Norderstedt/Kaltenkirchen. Diagnose NCL: Junge aus Kaltenkirchen ist todkrank und lebt schon länger, als Ärzte es erwartet hatten. Seiner Mutter hilft der Glaube.
- Saeed bekam die Diagnose im Alter von eineinhalb Jahren
- Laufen konnte er noch nie. Er ist auf einen Rollstuhl angewiesen
- Der 10-Jährige besucht dreimal die Woche die Schule am Hasenstieg in Norderstedt
Diesen Tag im August 2015 wird Kada Saeed niemals vergessen. Den Tag der Diagnose. Die damals 22-Jährige aus Norderstedt wartete zusammen mit ihrer Mutter, die sie ins Universitätsklinikum Hamburg-Eppendorf (UKE) begleitete, in einem Besprechungsraum im Erdgeschoss. Auf ihrem Schoß saß ihr eineinhalb Jahre alter Sohn Saeed. Er schrie. Hörte einfach nicht auf, zu weinen. So als wüsste er, dass die Ärztin seiner Mutter gleich eine Diagnose mitteilen würde, die das Leben der Familie, vor allem aber seines, für immer veränderte.
„Ihr Sohn hat NCL“, sagte die Ärztin schließlich. Auf ihrem Gesicht lag ein mitfühlender Blick. „Warum guckt sie mich so traurig an?“, fragte sich Kada Saeed in diesem Moment. NCL – davon hatte sie noch nie zuvor gehört. Sie wusste nicht, was sich hinter dem medizinischen Fachbegriff „Neuronale Ceroid-Lipofuszinose 1“ verbarg. Sie hatte keine Ahnung, was Kinderdemenz, wie die Erkrankung umgangssprachlich genannt wird, war. Und was mit ihrem Kind in den nächsten Monaten und Jahren passieren würde.

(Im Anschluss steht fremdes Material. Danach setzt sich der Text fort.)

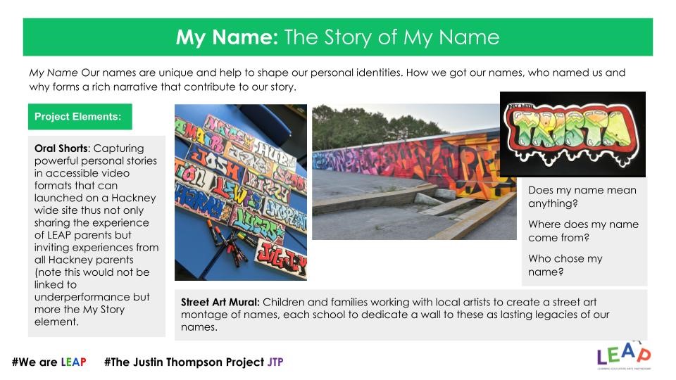 Names hold memory, meaning and identity. Families explore the origins of their names and collaborate with local artists to create a street-art montage at each school, a lasting, public celebration of belonging.

NCL: Etwa 700 Kinder in Deutschland sind unheilbar erkrankt
Die Großmutter verließ das Zimmer mit dem brüllenden Enkelkind. Saeed ließ sich nicht beruhigen. Sein Weinen hallte durch den Flur, drang durch die geschlossene Tür. Dahinter saß Kada Saeed. Sie blieb im Raum zurück. Ratlos. „Und was bedeutet das jetzt? Muss er Tabletten nehmen?“, fragte sie. Dann sagte die Ärztin den Satz, der der jungen Mutter das Herz zerriss. Es nicht nur in zwei teilte, sondern in Tausend kleine Stücke zerspringen ließ: „Für diese Erkrankung gibt es keine Heilung.“
Keine. Heilung. Die beiden Worte kreisten endlos durch ihren Kopf. Keine. Heilung. Dann realisierte sie: „Oh mein Gott, mein Kind stirbt!“ Der Raum fing an, sich zu drehen. Die Erklärungen der Ärztin, alles, was sie über diese tödliche Krankheit erzählte, nahm Kada Saeed nicht mehr richtig wahr. Sie kann sich nicht mehr erinnern, wie sie damals nach Hause gekommen ist. Nur, dass sie sich ins Bett legte und anfing zu googeln. Alles las über NCL. Diese kaum bekannte, seltene Stoffwechselerkrankung, die durch eine Genmutation verursacht wird. Laut der NCL-Stiftung sind in Deutschland rund 700 Kinder erkrankt.
Die Krankheit NCL
Die Neuronale Ceroid-Lipofuszinose (kurz: NCL) ist eine seltene Stoffwechselerkrankung, die durch eine Genmutation hervorgerufen wird. Der Fehler im Erbmaterial führt dazu, dass sich ein wachsartiger Stoff in den Nervenzellen ansammelt und nicht abgebaut werden kann. Als Folge sterben die Nervenzellen ab. Besonders betroffen sind jene im Gehirn und von der Netzhaut im Auge. Deswegen entwickeln Kinder, die an NCL erkrankt sind, häufig zuerst eine Sehschwäche.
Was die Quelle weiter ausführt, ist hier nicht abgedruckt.